> What needs to be done
Below this line is the material. Write out only its lines from the one containing "Olathe Boot Company" through the one containing "MINI CHECK 全遮光黑膠五折口袋傘(隱藏握把)", both kept, exactly.

> Exercise data
- - - - -
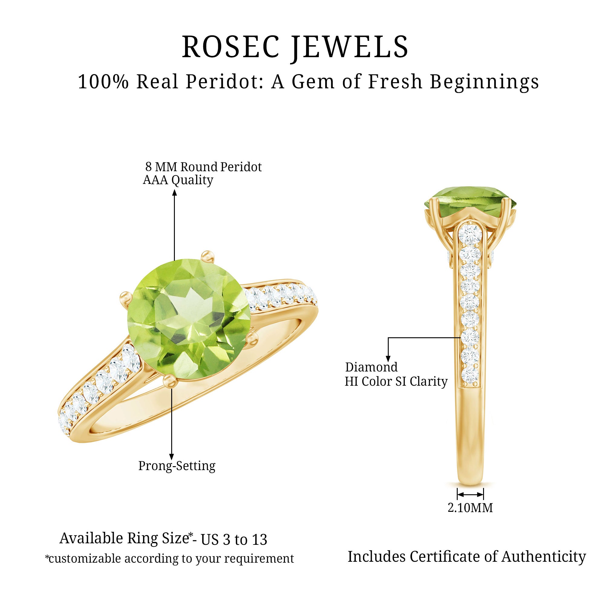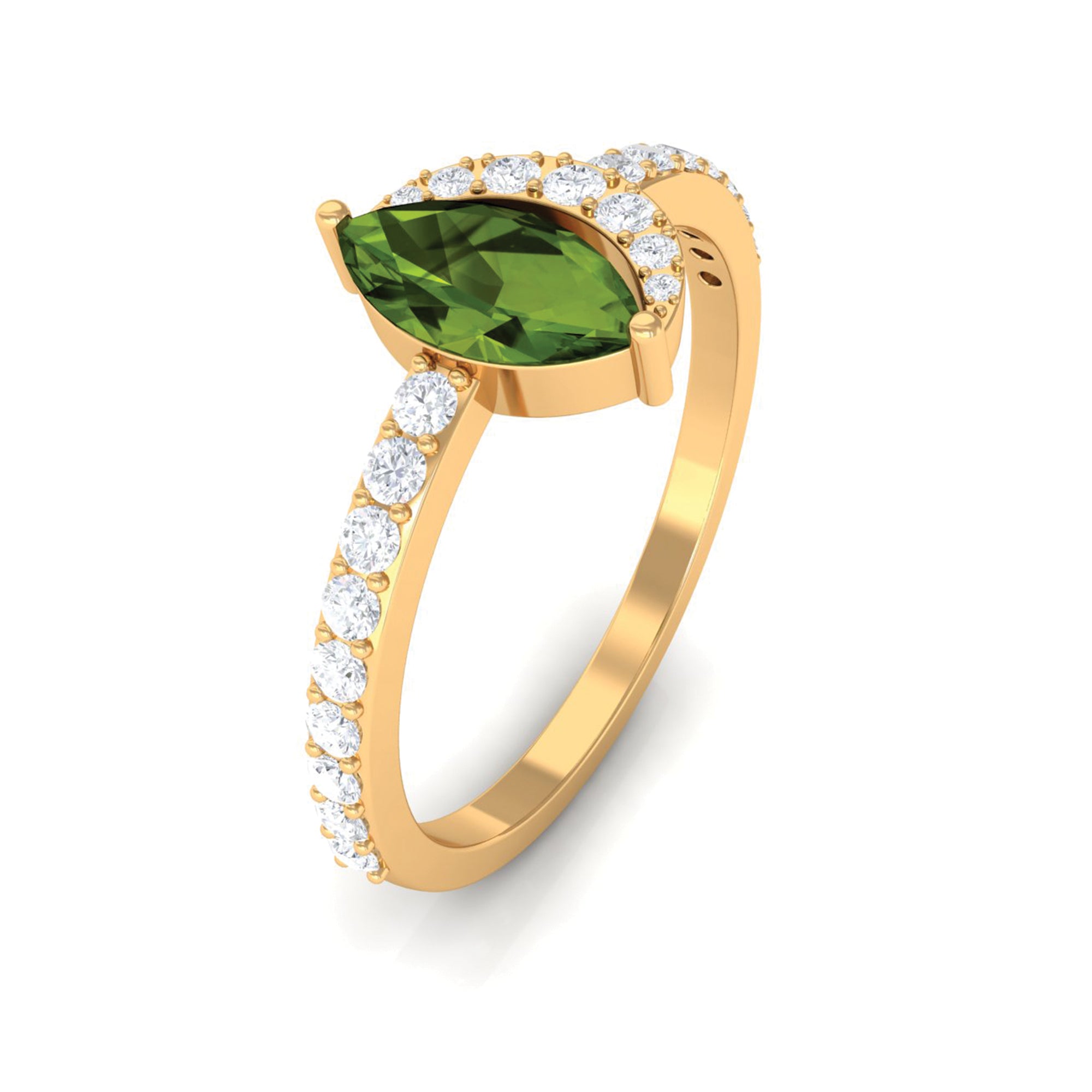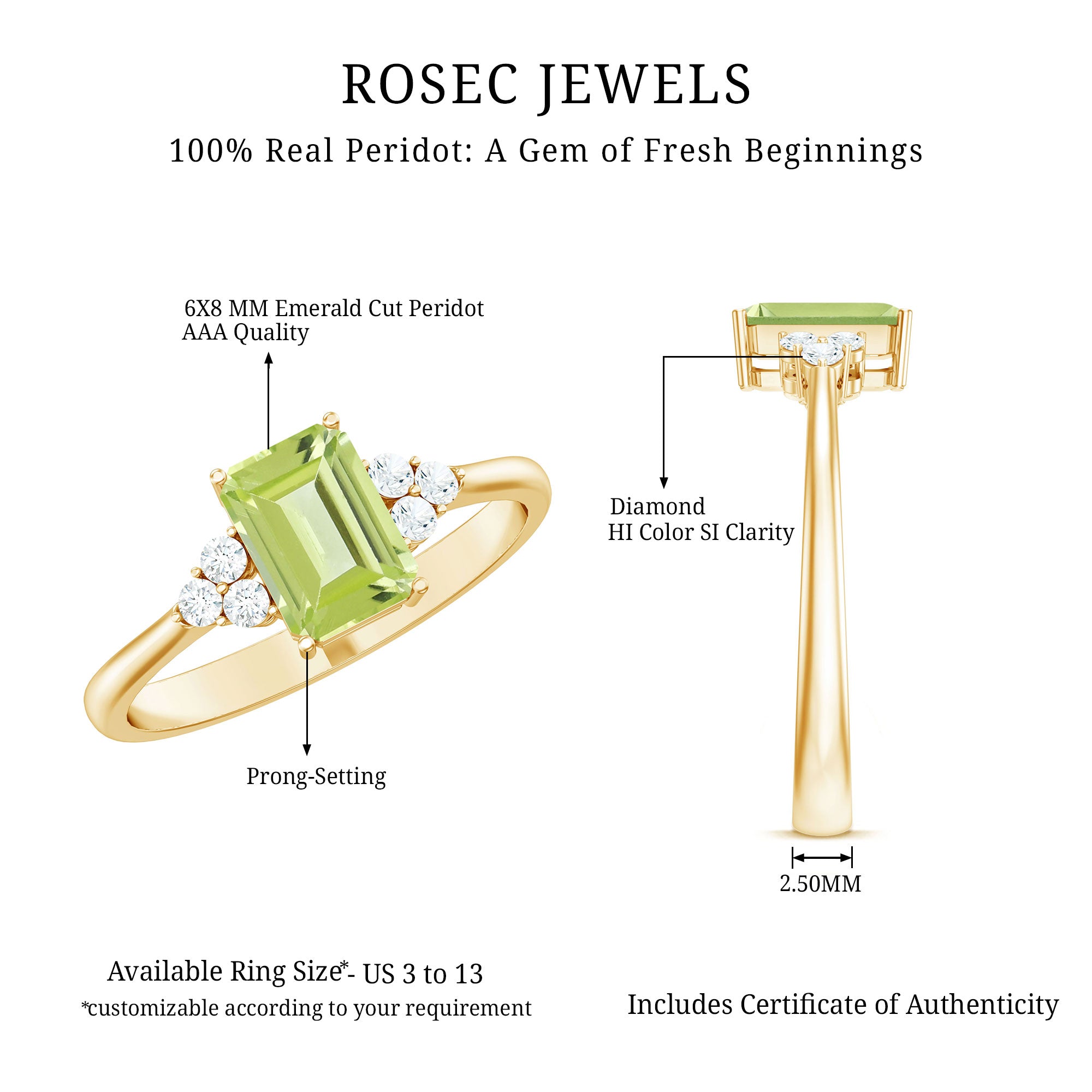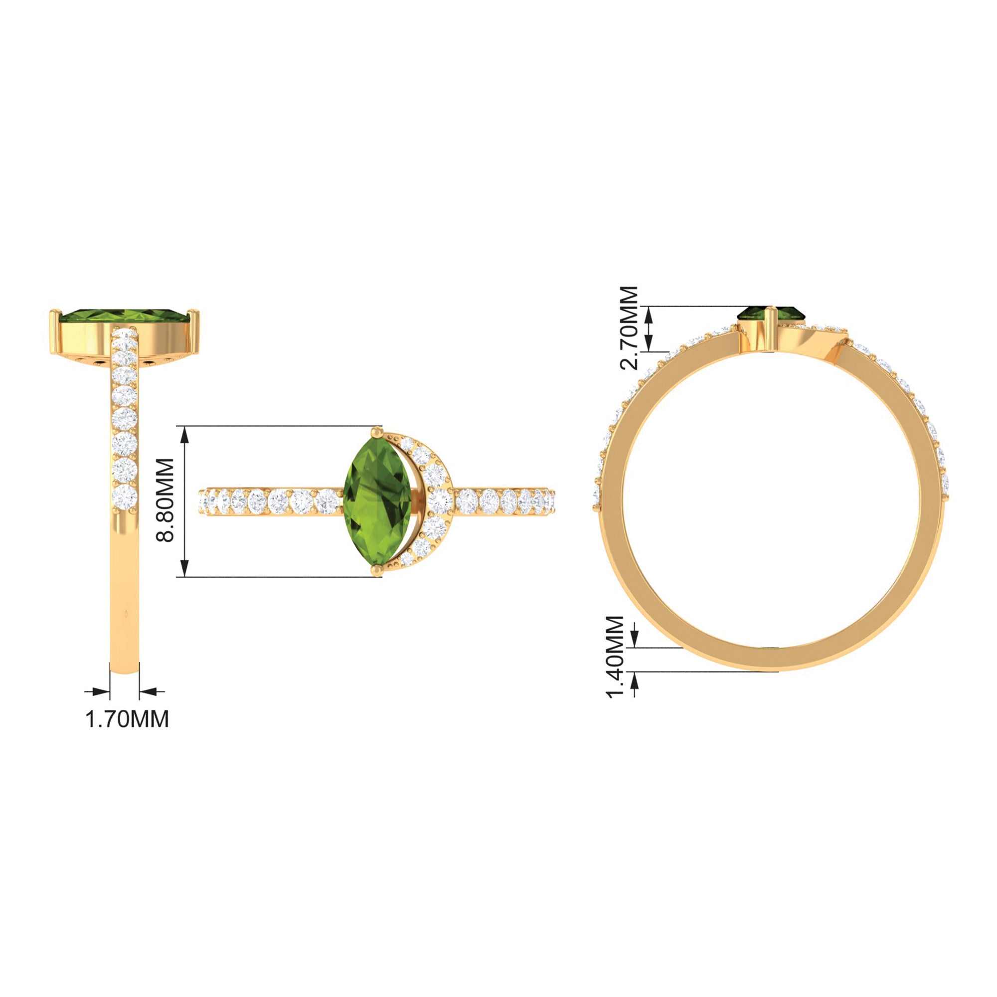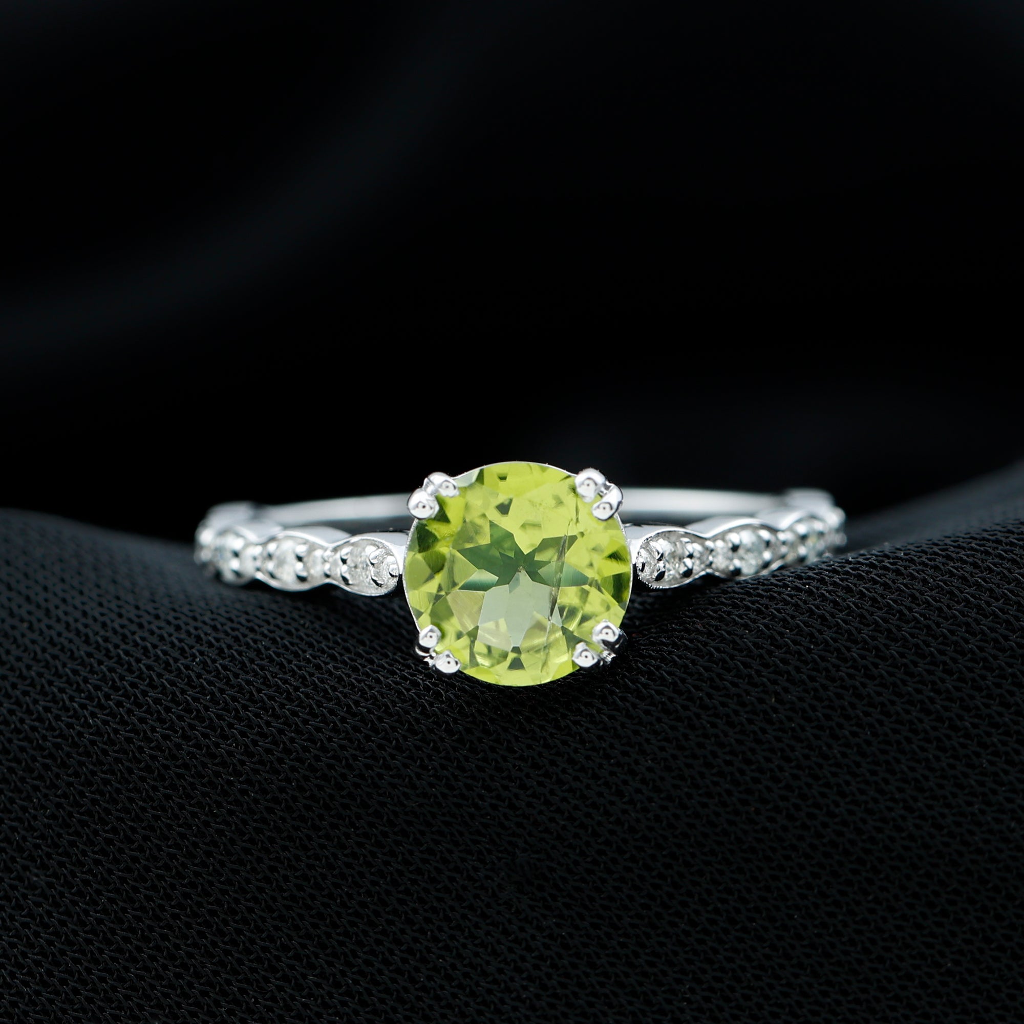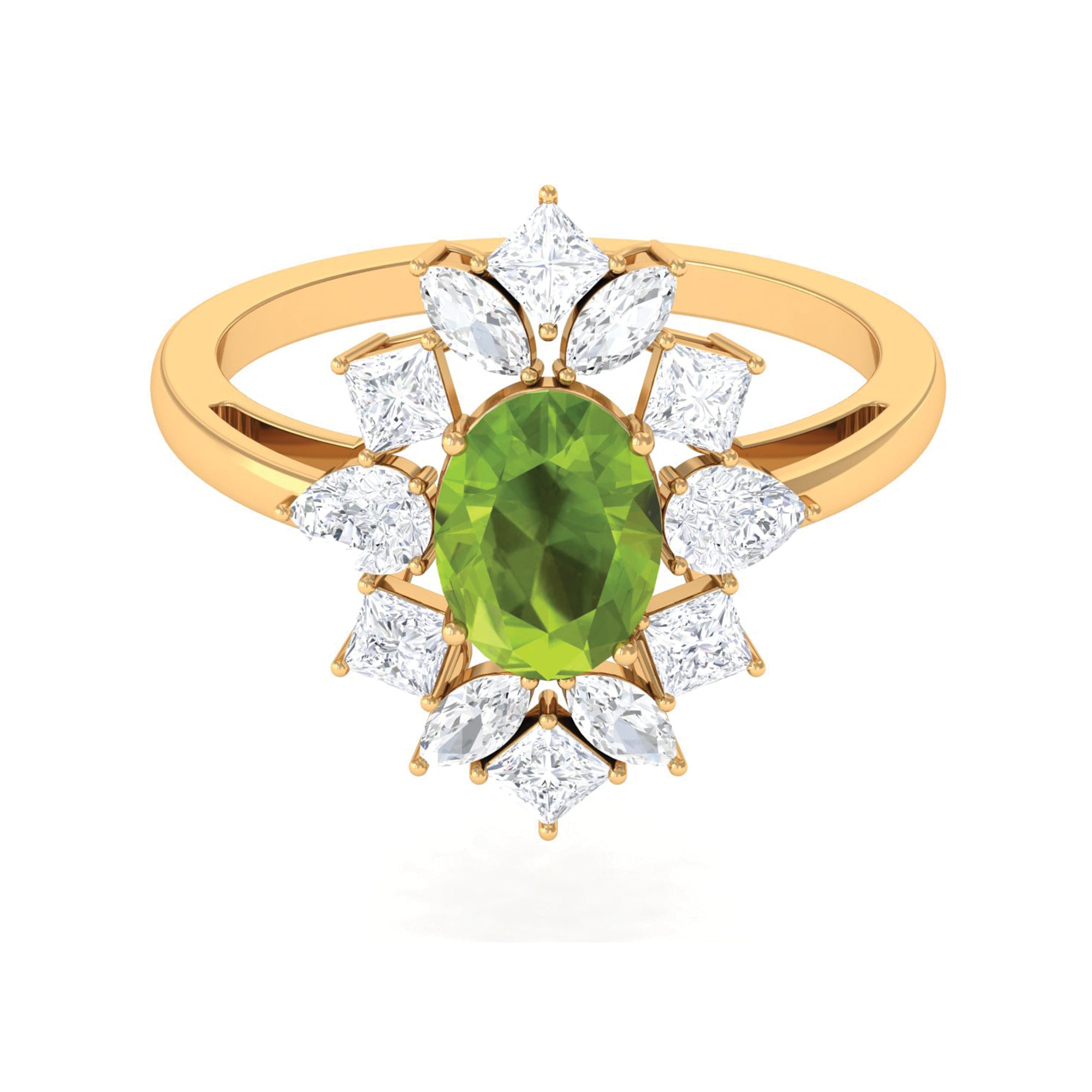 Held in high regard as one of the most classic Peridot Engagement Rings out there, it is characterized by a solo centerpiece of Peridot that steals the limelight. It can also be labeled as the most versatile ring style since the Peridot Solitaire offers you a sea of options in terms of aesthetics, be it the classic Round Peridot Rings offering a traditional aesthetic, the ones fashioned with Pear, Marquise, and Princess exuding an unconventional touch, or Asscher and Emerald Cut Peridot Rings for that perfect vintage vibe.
- - - - -
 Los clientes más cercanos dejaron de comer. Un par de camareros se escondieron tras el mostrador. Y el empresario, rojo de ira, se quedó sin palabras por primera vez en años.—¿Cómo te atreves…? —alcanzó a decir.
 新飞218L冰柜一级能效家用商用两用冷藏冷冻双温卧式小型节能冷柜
- - - - -
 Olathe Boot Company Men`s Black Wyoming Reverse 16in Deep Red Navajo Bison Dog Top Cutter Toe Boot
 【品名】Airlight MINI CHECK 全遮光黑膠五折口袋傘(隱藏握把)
- - - - -
> Exercise response
 Olathe Boot Company Men`s Black Wyoming Reverse 16in Deep Red Navajo Bison Dog Top Cutter Toe Boot
 【品名】Airlight MINI CHECK 全遮光黑膠五折口袋傘(隱藏握把)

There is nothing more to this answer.